Not many people can deal with some pains that are "excruciating", a fractured femur, gall stones, kidney stones, fall into. the "excruciating" category. Other pain can be mild to moderate, sprains, strains, some headaches etc, and can often be treated with mild narcotics or NSAID's like aspirin or ibuprofen. Objectively, the injury or underlying cause of the pain can often be used in deciding the treatment. Subjectively, it is difficult for someone to ascertain just where the pain lies on a pain scale. What may be an "8" to you on a 1-10 pain scale, may be a "3" to me, or even a "0". While each of us are anatomically the same in many areas, we cannot fit everyone into the same category physiologically, things are different for different people.
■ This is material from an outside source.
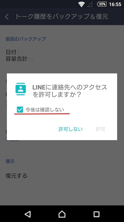 但是,要注意的一件事是,只有Android版本才需要使用Talk Histry备份功能的权限。

I agree wholeheartedly with your statement that underlying causes need to be treated. Pain is the body's way of saying, "something is wrong", and the problem needs to be found and dealt with. In the meantime, no one should ever have to be in pain because some doc makes a decision based on outside scrutiny. The training one goes through to diagnose pain levels is actually minimal; experience has taught me to be a little wary, but i can assure you that my standing orders in the field were to treat the pain first, after the "ABC's", unless contraindicated, and you will get to the other problems soon enough, with a patient that is far easier to deal with. No one I ever heard of became addicted to morphine or dilaudid because of a shot or two of the stuff. Addiction comes from long term abuse, not proper use.